Rampant criminality is the third safety issue in Rio. Due to the gap between the rich and the poor which is highly contrasted in the visibility of the squatter areas, Favelas from the luxurious condominiums of the rich, and the drug trade that covers almost all Latin American cities, thievery, petty crime, and hooliganism is quite rampant in Rio. The hotels will always advise tourists not to walk in the beach at night and in dark places. You are also advised not to wear expensive jewelries and to keep your passport in the hotel safe.

On the second day of the Olympics some delegations, including from the Philippines, have already complained of thieves, pickpockets, and hold ups.  

The fourth safety issue in Rio now is potential terrorist activity. The Olympics is always a magnet for terrorist activity due to the number of people and the huge propaganda impact. There are 88,000 policemen and military person assigned to all the Olympic venues, so these should be some comfort. Still it pays to be cautious. This particular safety issue will be out after the end of the Olympics on August 22.

I was in Rio just before the onset of their economic recession and it was only the rampant criminality that was the safety issue. But I felt it was just slightly worse than Manila, Bangkok, or Istanbul.

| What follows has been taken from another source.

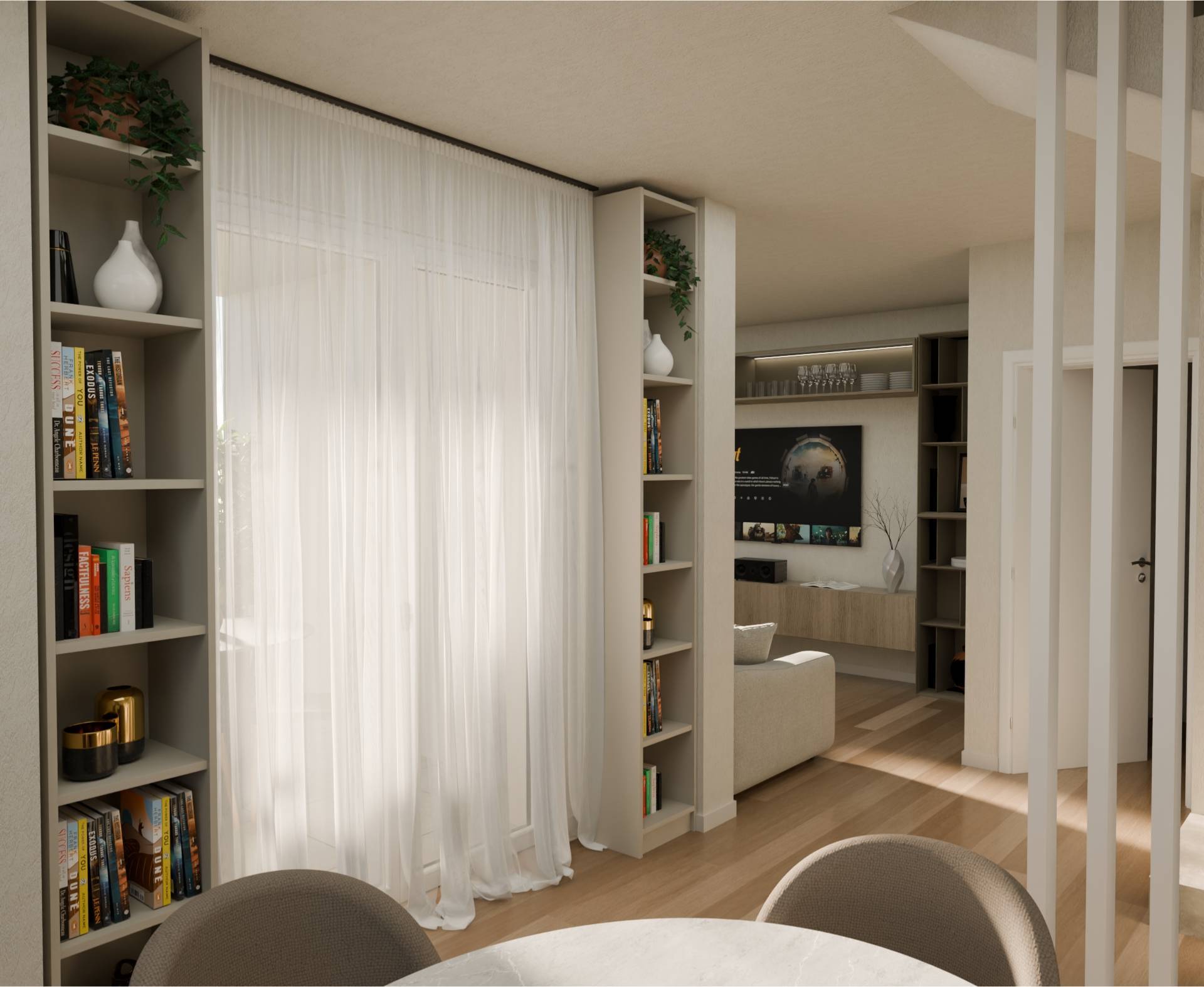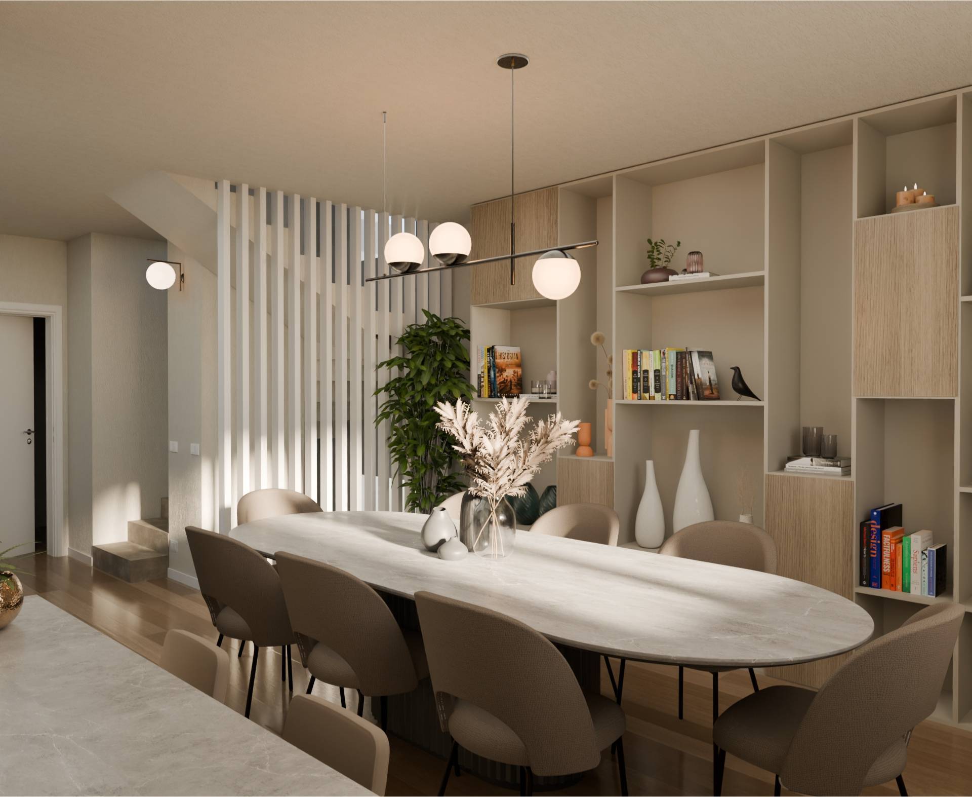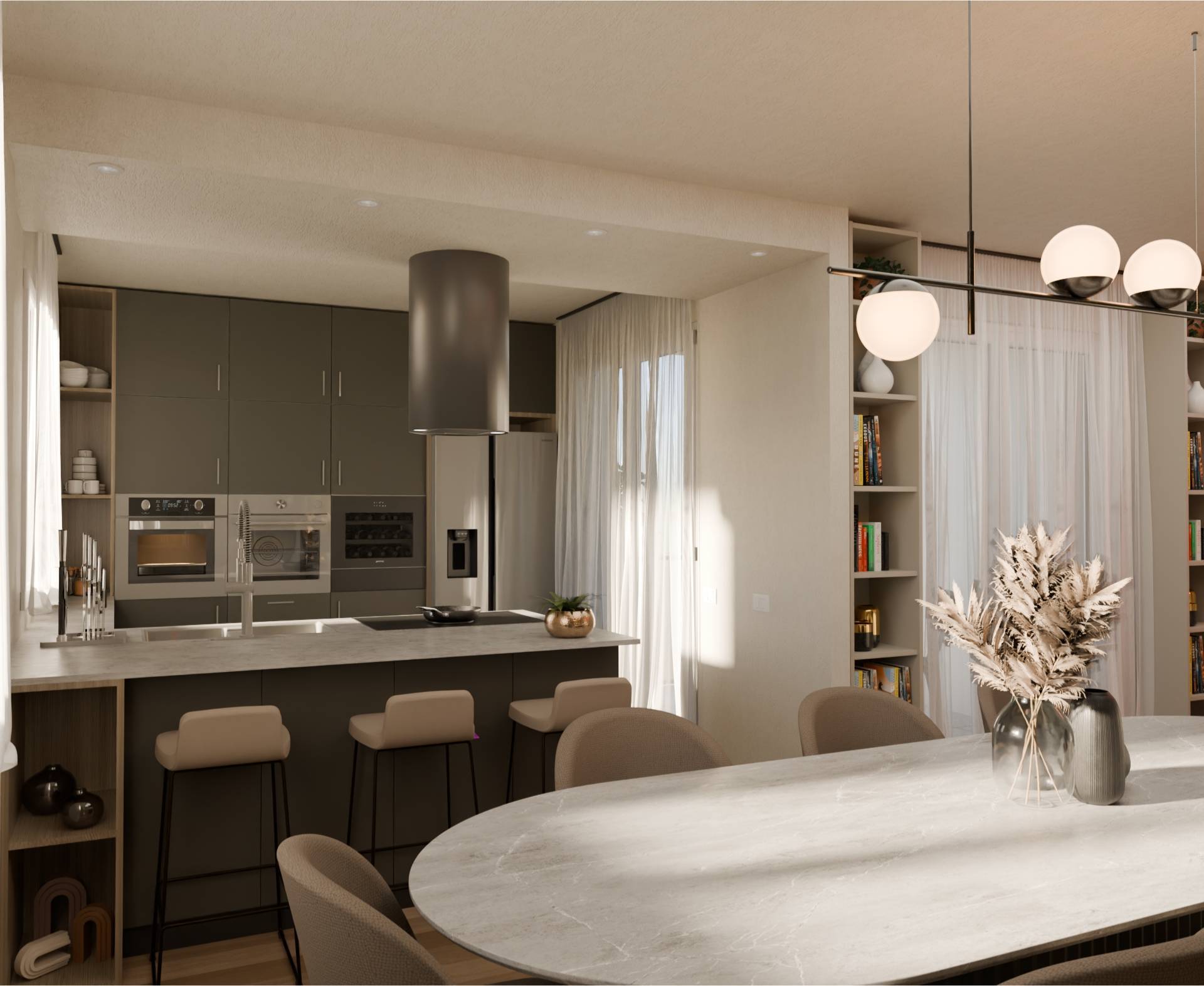 Una volta parcheggiata l'auto si accede direttamente dall'interno dell'abitazione. Dall'ingresso possiamo raggiungere il bagno, la lavanderia e la cantina. Salendo le scale si raggiunge la zona giorno al primo piano dove si sviluppa con una bella sala Open Space con accesso al terrazzo loggiato e alla cucina con isola centrale, anch'essa con accesso al terrazzo. Sempre sullo stesso piano troviamo un pratico bagno ed una stanza che può fungere da zona living, camera degli ospiti o studio.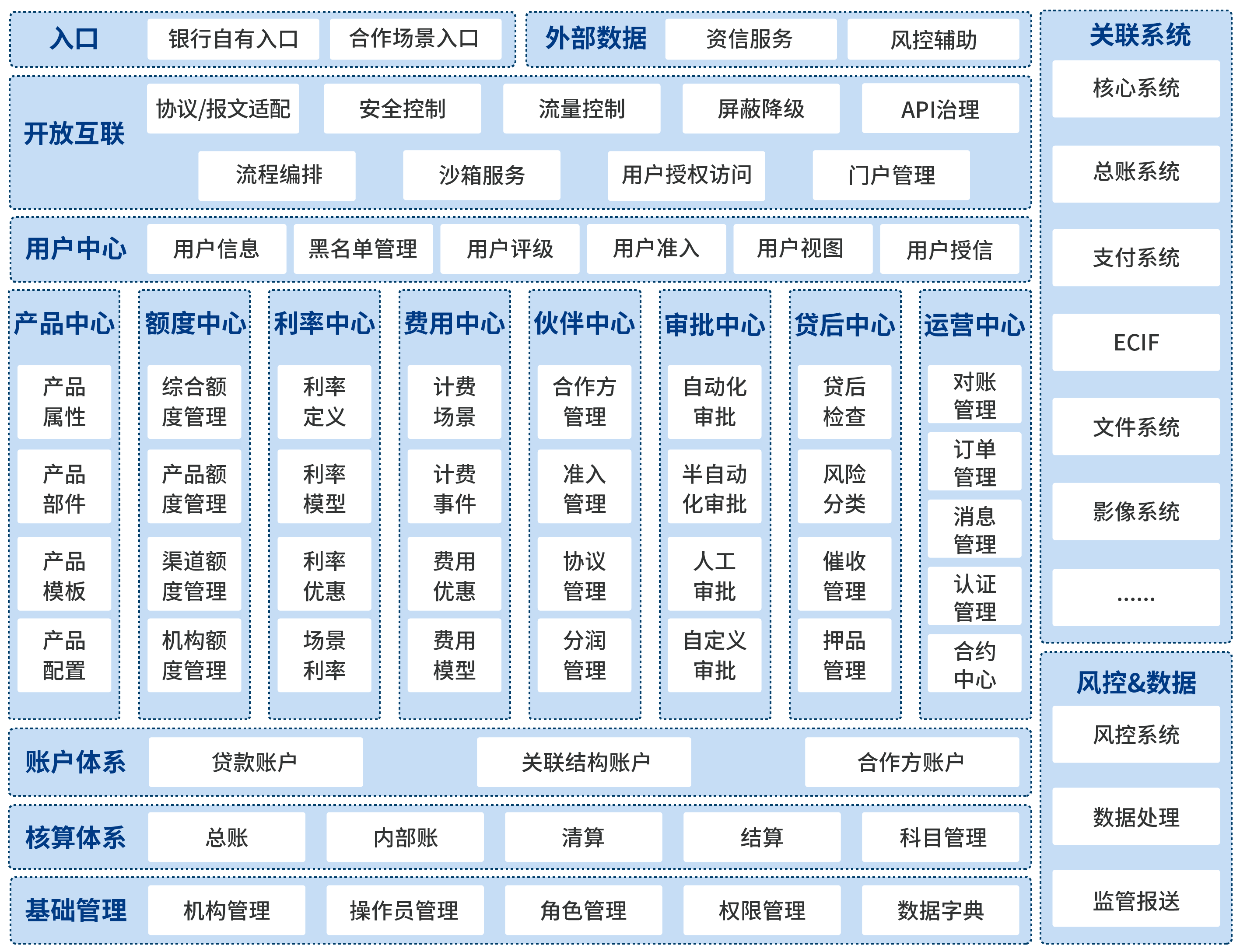 支持引入渠道合作方和消費(fèi)融資類場(chǎng)景,打造客戶和商戶的快速融資產(chǎn)品。基于交易信息和商圈的“信用評(píng)價(jià)體系”,通過(guò)接入大數(shù)據(jù)實(shí)現(xiàn)自動(dòng)授信、在線營(yíng)銷、快速融資&風(fēng)控&放貸,隨時(shí)隨地為客戶提供全面的融資服務(wù)。

At the moment with the additional issues in Rio, I would say, Rio is now much more dangerous than Manila or Bangkok, and maybe the same as Istanbul with the recent "coup de etat" in Turkey. However, you have to weigh these relative dangers in Rio with the beauty of the place and the people of Rio.

Standing at the top level of the "Christ the Redeemer," you have the most beautiful view of the mountains and the seas of Rio. Gazing at the mosaic glass windows of the Church of Sta. Teresita and taking the cable Tram to the Favelas were fantastic experiences. And of course even just walking in the beaches of Rio is already something.

The Brazilians know how to have fun and enjoy life as I surmise there are easily 400,000 people in the seven-kilometer long beach in Copacabana and Ipanema on a sunny weekend. Then there are the clubs and the party places in Rio.

On the whole I would still want to go back to Rio. Maybe not with children , but if you are a healthy adult, it is quite a place. You just have to be careful and mindful but have lots of fun. For some reason, Filipinos do not need a Visa to go to Brazil. We have a reciprocal diplomatic arrangement with them so that Brazilians do not also need a Visa from the Philippines for a certain number of days stay. 

It is quite a long trip to go to Rio. It is either via Los Angeles, USA or via Frankfurt, Germany. The trip will be easily more than 24 hours including stopovers, but it will be worth it.

I caught the interview of the original "girl from Ipanema on TV" a few days ago, and she is now a 65-year old grandmother. She is still gorgeous, tall, slim, and lovely, but no longer tan. They flashed her picture when she was the 19-year old inspiration of the song, "Girl from Ipanema," and I fully agree that she was extremely beautiful.